Я сел в машину, положил руки на руль — их ощутимо потряхивало. После встречи я планировал поехать в офис, посидеть, спокойно подумать над «любезным предложением» майора Ещука, о последствиях, которое неизбежное принятие этого предложения будет иметь для компании и ее коллектива. Но сейчас хотелось лишь одного: вернуться на дачу и, наконец, напиться. Офис подождет: Самойлыч снова на мостике и, значит, можно не опасаться за дела текущие, а неделя, отведенная Ещуком на принятие решения, только началась.

Я гнал по шоссе и поносил себя последними словами. Как ты мог столько времени быть так слеп?! Как мог столько лет любить… черт знает кого?! Как пелось в одной забавной рок-песенке «Sleeping with an angel, woke up with a monster» — ложился спать с ангелом, проснулся с чудовищем… Или нет, это было как в сказке про маленького мальчика, случайно нашедший на обочине дороги что-то фантастически красивое и совершенно непонятное.

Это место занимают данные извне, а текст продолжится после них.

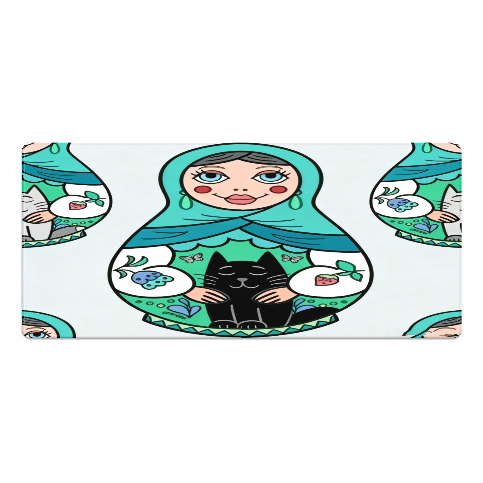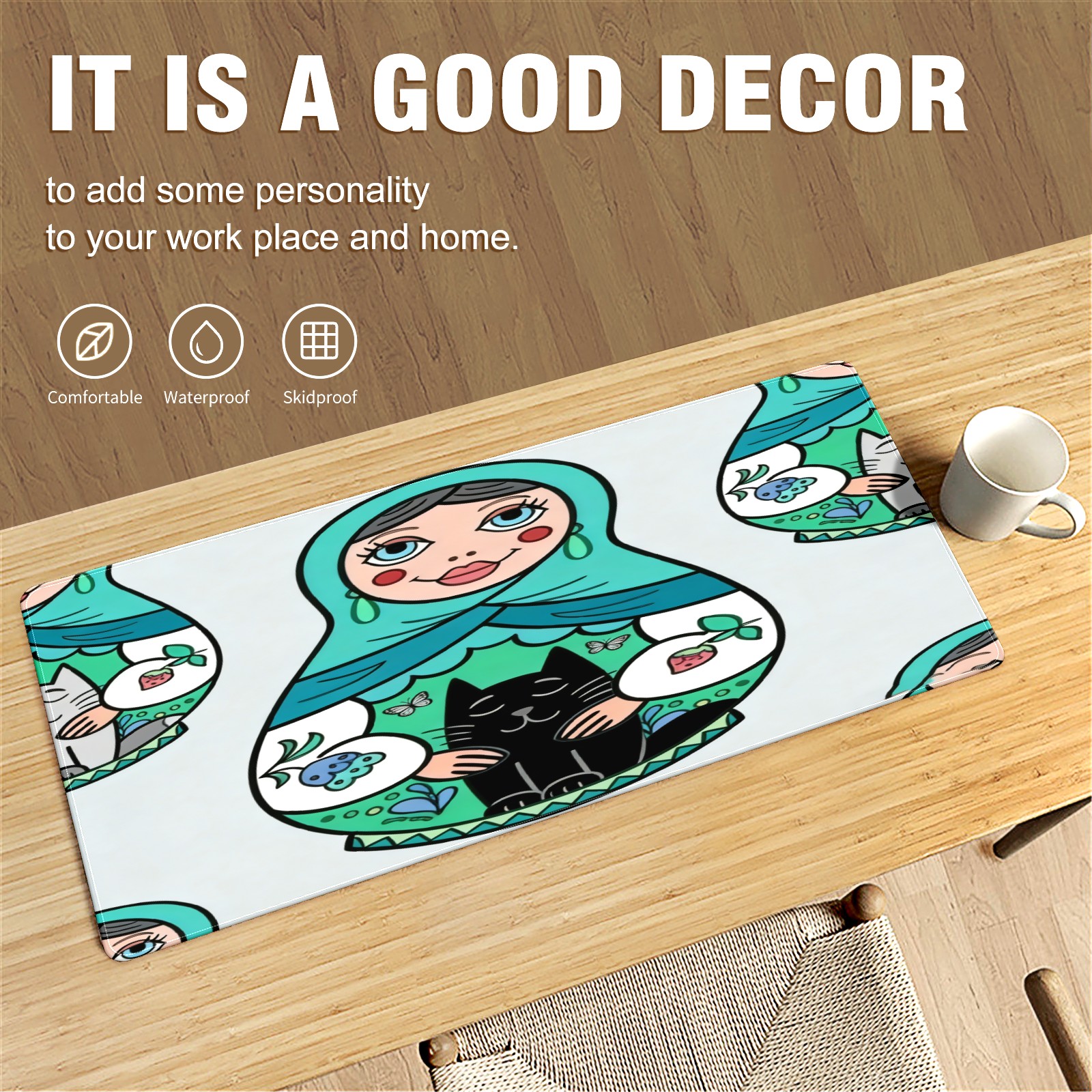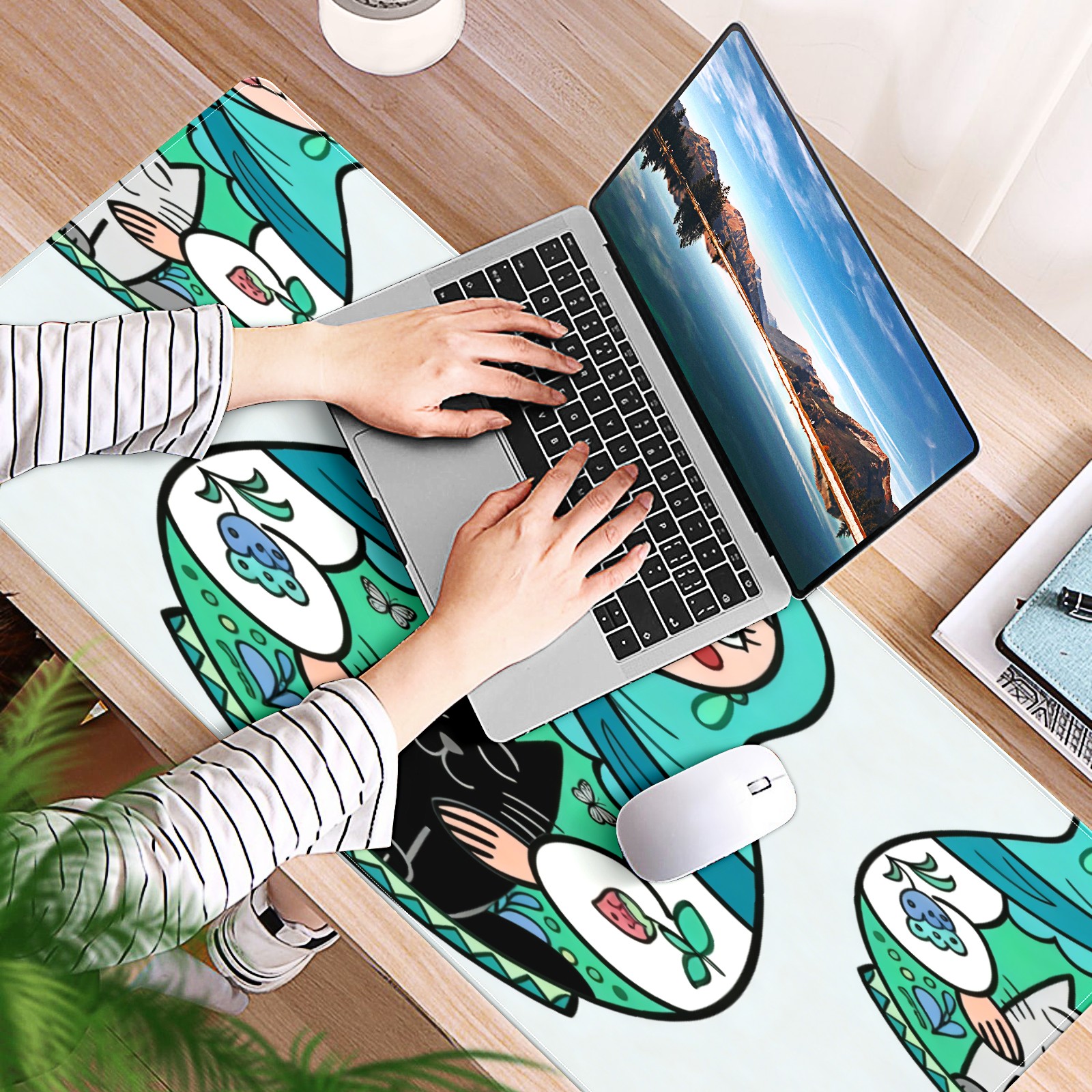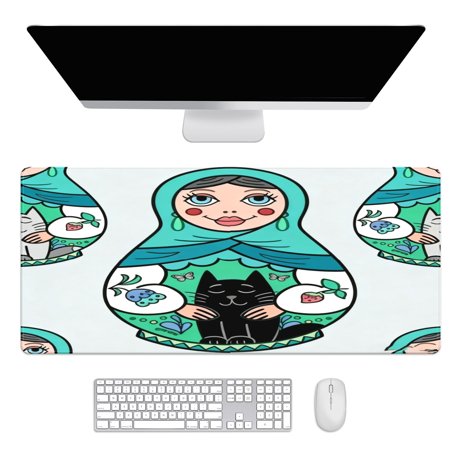 Large Gaming Mouse Pad (90x40cm), Extended Waterproof Desk Mat with Non-Slip Rubber Base, Cool Dolls Green for Gamers, Office & Home

Возможно, вещица была оставлена внеземными посетителями, настолько она не была похожа на все, виденное им ранее. Она была так красива, что мальчик, совершенно не понимая смысла и предназначения вещи, сразу влюбился в нее. Но еще больше ему хотелось узнать, что скрывает эта вещица внутри себя, ведь он думал, что если она так красива снаружи, то ее содержание может быть еще более прекрасно, во сто, тысячу, бесконечное количество раз прекраснее. Каждый день он пытался открыть ее, но тщетно, и постепенно он утратил надежду. И вот в один момент… Возможно, что-то произошло в мире вокруг, что-то изменилось, и вещица перестала быть Кантовской «вещью в себе», недоступной для понимания. Она раскрылась перед маль… то есть, давно уже не мальчиком, и он чуть с ума не сошел от увиденного. От отвращения к увиденному…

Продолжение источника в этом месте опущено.